Das Wasser im Rucksack wird weniger und die Beine werden immer schwerer. Ich muß immer häufiger Gehpausen einlegen, 4 Stunden und 44 Minuten nach 44 Kilometern sind die Folge - der Schnitt liegt jetzt schon weit über 6 Minuten pro Kilometer. Hier in Meudon gibt es nur Trinkwasser, fast zwei Liter passen wieder in die Blase des Rucksacks. Einen weiteren Liter kippe ich mir über den Kopf und "genieße" von der Terrasse des Schlosses den Blick auf das (noch weit entfernte) Ziel, den Eiffelturm. Nur drei Kilometer darauf folgt am Observatorium die Überprüfung der Pflichtausrüstung - satte 5:10 Stunden für 47 Kilometer werden an der Kontrollstelle für mich registriert.

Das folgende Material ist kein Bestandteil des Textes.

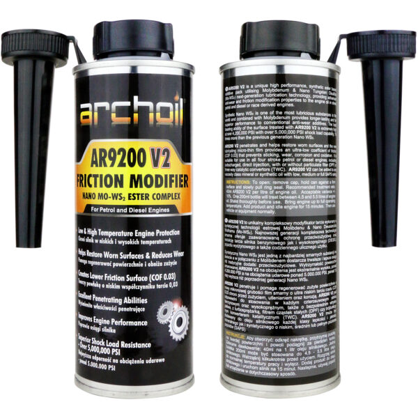 Archoil AR9200 V2 - to kompleksowy modyfikator tarcia, który został wykonany w syntetycznej technologii estrowej Molibdenu & Nano Dwusiarczku Wolframu (Mo-WS2). Najnowszej generacji kompleksowa technologia smarna, zapewnia zaawansowaną ochronę przeciwzużyciową oraz redukcję tarcia w silnikach benzynowych, wysokoprężnych i wyczynowych.Chroni silnik w ekstremalnie niskich i wysokich temperaturach pracyPomaga regenerować zużyte powierzchnie i chroni przed zużyciemTworzy powłokę o ultra niskim tarciu COF rzędu 0,03Wyjątkowa odporność na szokowe obciążenia ponad 5,000,000 PSIWyśmienite właściwości penetracyjne i antykorozyjnePoprawia osiągi silnikaNawet 15x lepsza ochrona od poprzedniej wersji nano WS2Estrowa technologia High PerformanceAR9200 V2 penetruje i pomaga regenerować zużyte powierzchnie a nowy mikronowej grubości film smarny o ultra niskim tarciu rzędu COF 0,03 zabezpiecza przed zużyciem, utlenianiem oraz korozją.AR9200 V2 można stosować w każdym czterosuwowym silniku benzynowym oraz wysokoprężnym, także z bezpośrednim wtryskiem paliwa, z turbosprężarką, filtrem cząstek stałych (DPF) czy trójfunkcyjnym konwerterem katalitycznym (TWC).AR9200 V2 może być dodawany do oleju silnikowego każdej klasy lepkości i jakości, mineralnego jak i syntetycznego o niskim, średnim lub pełnym poziomie popiołów (SAPS).Instrukcja stosowania:Zalecane dawkowanie: 40ml na 1 litr oleju silnikowego.Jedna butelka 200ml może być stosowana do 4,5 – 5,5 litra oleju silnikowego.Wstrząsnąć kilkukrotnie przed użyciem.Rozgrzać silnik do normalnej temperatury pracy i wyłączyć.Dodać produkt do oleju silnikowego i uruchomić silnik na 15 minut.Pojemność: 200 ml

Der Tiefpunkt folgt aber erst noch, ich bin immer mehr am spazieren, selbst gerade Streckenabschnitte gehe ich. Mitten im Parc Forestier de la Mare Adam stehen einige Frauen an der Strecke und feuern die vorbeikommenden Läufer lautstark mit "Allez! Allez!" und "Courage!" an. Als ich mich gehend an ihnen vorbeimogle, wird das "Allez, allez Thomas!" lauter. Ich antworte mit "Je ne peux plus." (Ich kann nicht mehr.), da mich meine Startnummer als Deutschen verrät, "verfolgt" mich eine der Frauen mit den Worten "Dü kannst nich mer, Thomaa, du muußt laufeen!". Gern hätte ich ihr den Wunsch erfüllt, aber es sind noch einige hundert Meter, bis ich wieder in den Laufschritt übergehe.

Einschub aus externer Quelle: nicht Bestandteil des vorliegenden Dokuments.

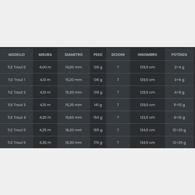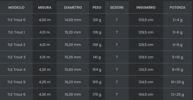 Tubertini Canna per pesca alla trota, TLE Trout, 4 mt, 4.10 mt,, 4.15 mt, 4.20 mt, 4.25 mt, 4.30 mt

Oberhalb des Friedhofes von Chaville wartet die zweite Verpflegungsstation auf die Läufer - 55 Kilometer sind jetzt zurückgelegt, meine Uhr zeigt 6:03 Stunden. Das ist mir aber mittlerweile egal, den jetzt gibt es erstmal Abendbrot: Salamischeiben, Orangenstücke, Kuchen, Brot, dazu mehrere Becher Cola - ein Fest für den Magen! Wie ein Michellin-Männchen bewege ich mich weiter. Der geschundene Körper bedankt sich aber wenig später wieder mit Leistung. Die Ortsquerung von Chaville geht schon fast von allein, selbst die Anstiege machen sich immer besser.
Durch den Foret Domaniale de Fausses Reposes nach Ville d`Avray zum Parc de Saint-Cloud hänge ich mich immer wieder an kleinere Gruppen und versuche ihr Tempo mitzugehen. Meist bin ich dann bergauf schneller und suche mir weiter vorn die nächsten "Hasen". So macht die Sache dann doch Spaß, was natürlich auch an der abendlichen Abkühlung liegt.

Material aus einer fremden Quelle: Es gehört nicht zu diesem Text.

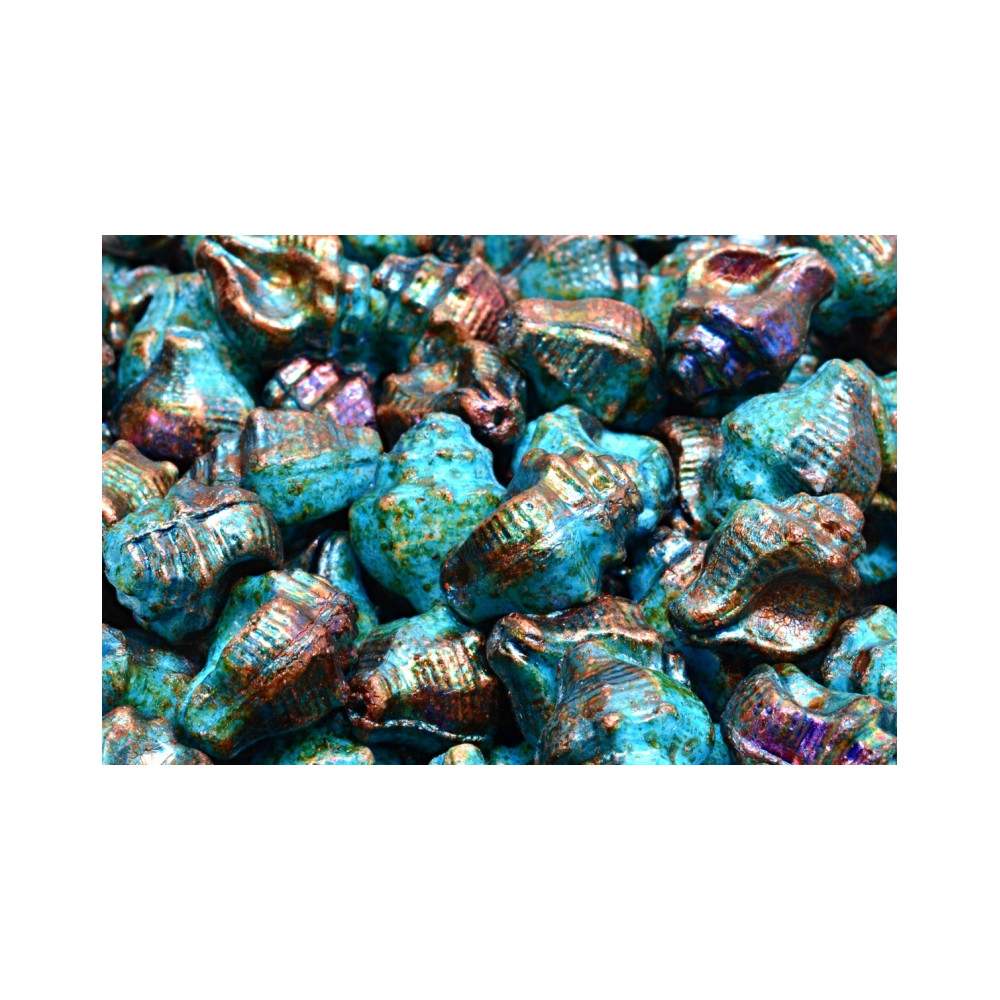 Tyrkysový odstín s bronzovou patinou dodává těmto skleněným korálkům tvaru Murex Shell Beads autentický starožitný vzhled. Tato ruční výroba z dílny rodinné firmy Rutkovský navazuje na nejlepší tradiční české sklářství. Každý kus vyniká detailním reliéfem mořské mušle, který v kombinaci s povrchovou úpravou Picasso vytváří unikátní designový prvek pro vaše šperky.

Den Verpflegungspunkt in Saint-Cloud erreiche ich nach 7:27 Stunden, ca. 7 Minuten verbringe ich dort mit Essen und Trinken. Die Verantwortlichen verweisen aufgrund der einsetzenden Dunkelheit auf die Pflicht des Tragens der Stirnlampe und der reflektierenden Armbinde.
Durch den Park schlängelt sich der Weg in Serpentinen hinab zur Seine. Jetzt folgen noch ca. 10 Kilometer am Seine-Ufer und stellenweise im Großstadtverkehr, wobei mehrfach (durch Brückenüberquerungen) die Richtung gewechselt wird. Die Brückenstufen hinab nehme ich seitlich, weil die Oberschenkel brennen, die Stufen hinauf springe ich förmlich. Die Ile Saint-Germain und eine kleinere (namenlose) Insel werden auf dem Weg zum Ziel noch abgehakt, dann ist es soweit: die letzten Meter vom Port de Suffren hinauf zum Quai Branly werden zum Triumphzug. Durch die Menschenmassen hindurch führt ein enger Gang zum Südpfeiler des Eiffelturms. Nach dem Überlaufen einer Zeitmeßmatte bekommt jeder Läufer noch eine "Rückfahrkarte" für den Fahrstuhl. Jetzt sind es nur noch 57 Höhenmeter, verteilt auf 357 Stufen - 4:10 Minuten später bin ich im Ziel: 8 Stunden, 45 Minuten und 25 Sekunden!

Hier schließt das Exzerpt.